Joe the Business Intelligence Guy

A journey through the design and delivery of business intelligence solutions.

Archive for September 2009

Why Can’t We Use Our Existing Systems Databases for Business Intelligence

In an effort to start framing the many considerations for data souring of a Business Intelligence Solution, first we must look at some of the reasons it is not desirable to simply use existing solution databases.

As a simple starting point, the assumption is that the business intelligence solution that is being sought is envisioned to permit the business users a simple way to analyze, explore and report on information. The information is expected to improve business performance by delivering better decision making throughout your entire organization. Lastly, this improvement assumes that decisions made within the organization will be made as a result of careful consideration of the facts being presented by the information that our business intelligence solution will provide.

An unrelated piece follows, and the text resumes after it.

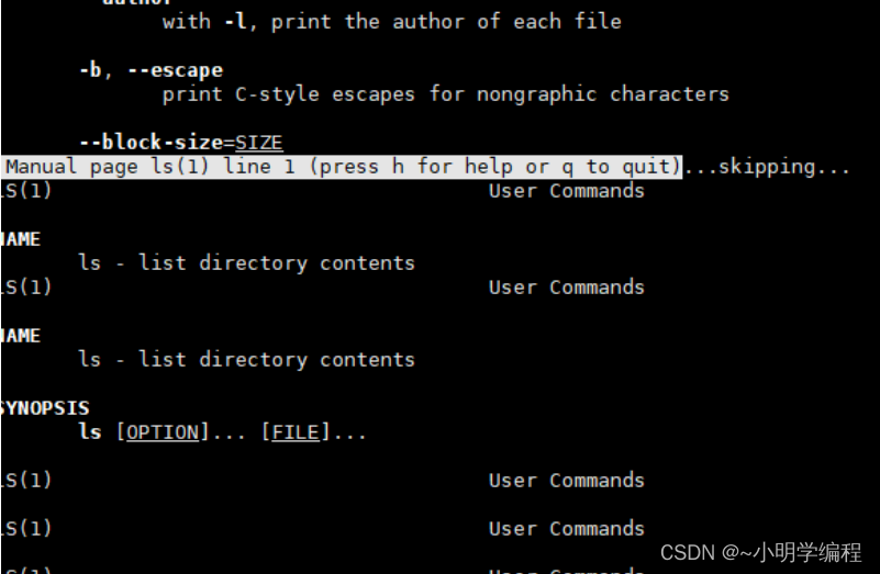 man 命令是查看其他命令的帮助手册:manual page ,通过 man ls 来查看: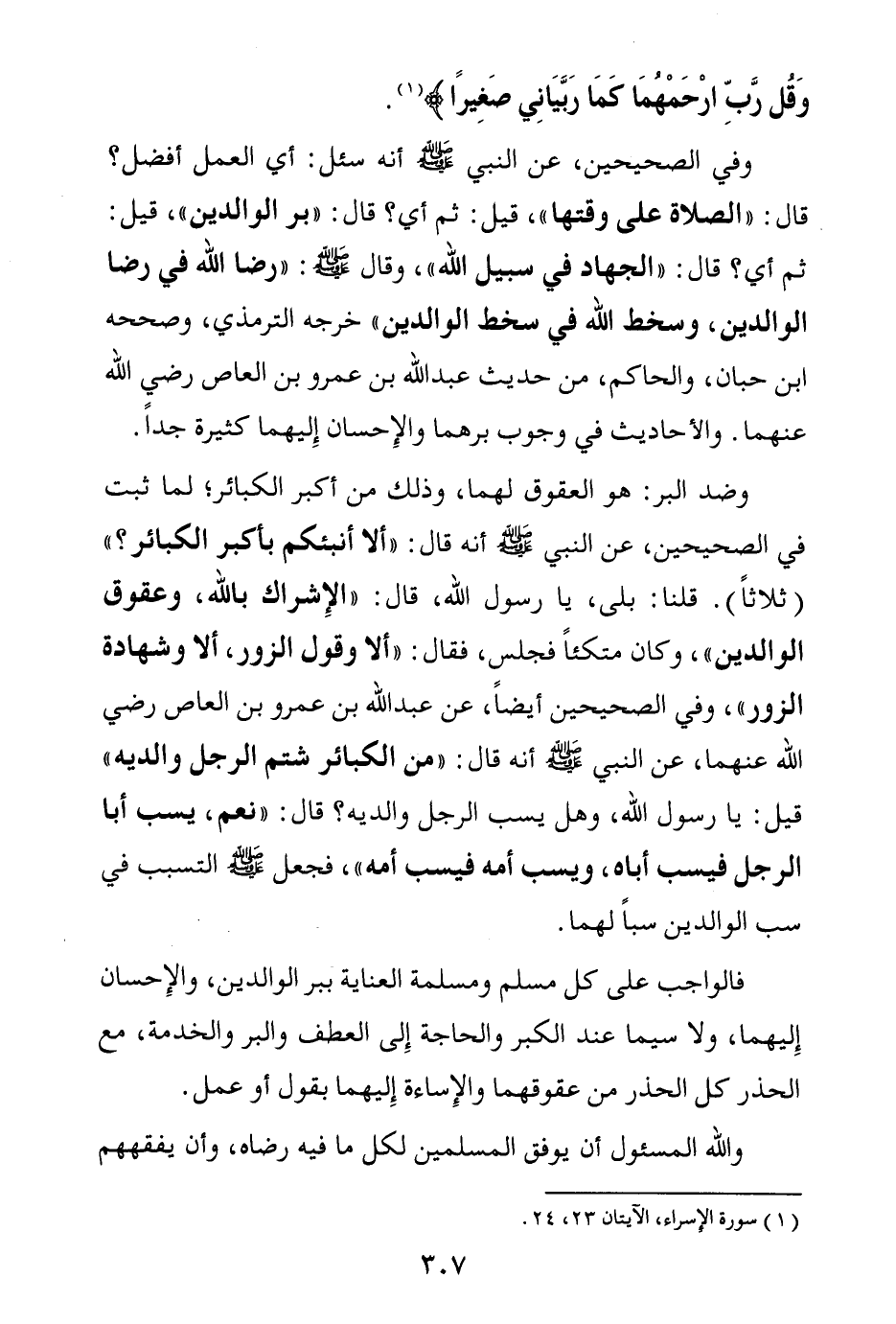 فالواجب على كل مسلم ومسلمة العناية ببر الوالدين، والإحسان إليهما، ولا سيما عند الكبر والحاجة إلى العطف والبر والخدمة، مع الحذر كل الحذر من عقوقهما والإساءة إليهما بقول أو عمل.

With the goals of a business intelligence solution briefly defined, let’s look at the common characteristics of existing systems database designs. These systems are most often storing information within On Line Transaction Processing (OLTP) databases or even flat files generated by business systems. These types of data structures have the following characteristics:

  1. Manages complex transactions designed to enforce complex systems business process and rules
  2. Key business logic is located within the systems application rather than the database
  3. Another software development effort or a third party has created the systems database and as such both its meaning and structure may change over time
  4. Often it is not permissible to make changes or add structures to the systems database
  5. The design of the systems database may not have a well formed relational design that normalizes data and enforces integrity both at individual attribute levels and at relationship levels.
  6. Contains historical data that does not match current business rules
  7. Lacks significant meaningful documentation
  8. Optimized for fast narrow query performance (e.g. order details for order number 123)
  9. Many don’t contain information on historical changes to the information instead only reflecting the current state of the information
  10. Usually have been developed in a sandbox with no consideration for consistency and sharing of business logic, entities, and attributes with other systems

 Clearly, with some or all of these characteristics involved, it is important that we find a more suitable source for the information we will present as part of a business intelligence solution. The best option would be to source data from these systems and extract, transform, combine, clean, normalize, denormalized, and otherwise make suitable the data for the business intelligence solutions use. Ultimately, this newly processed data would then be loaded into a data warehouse or data mart. It is the data warehouse or data mart that has been purposefully designed to overcome many of the OLTP data structures limitations for business intelligence usage.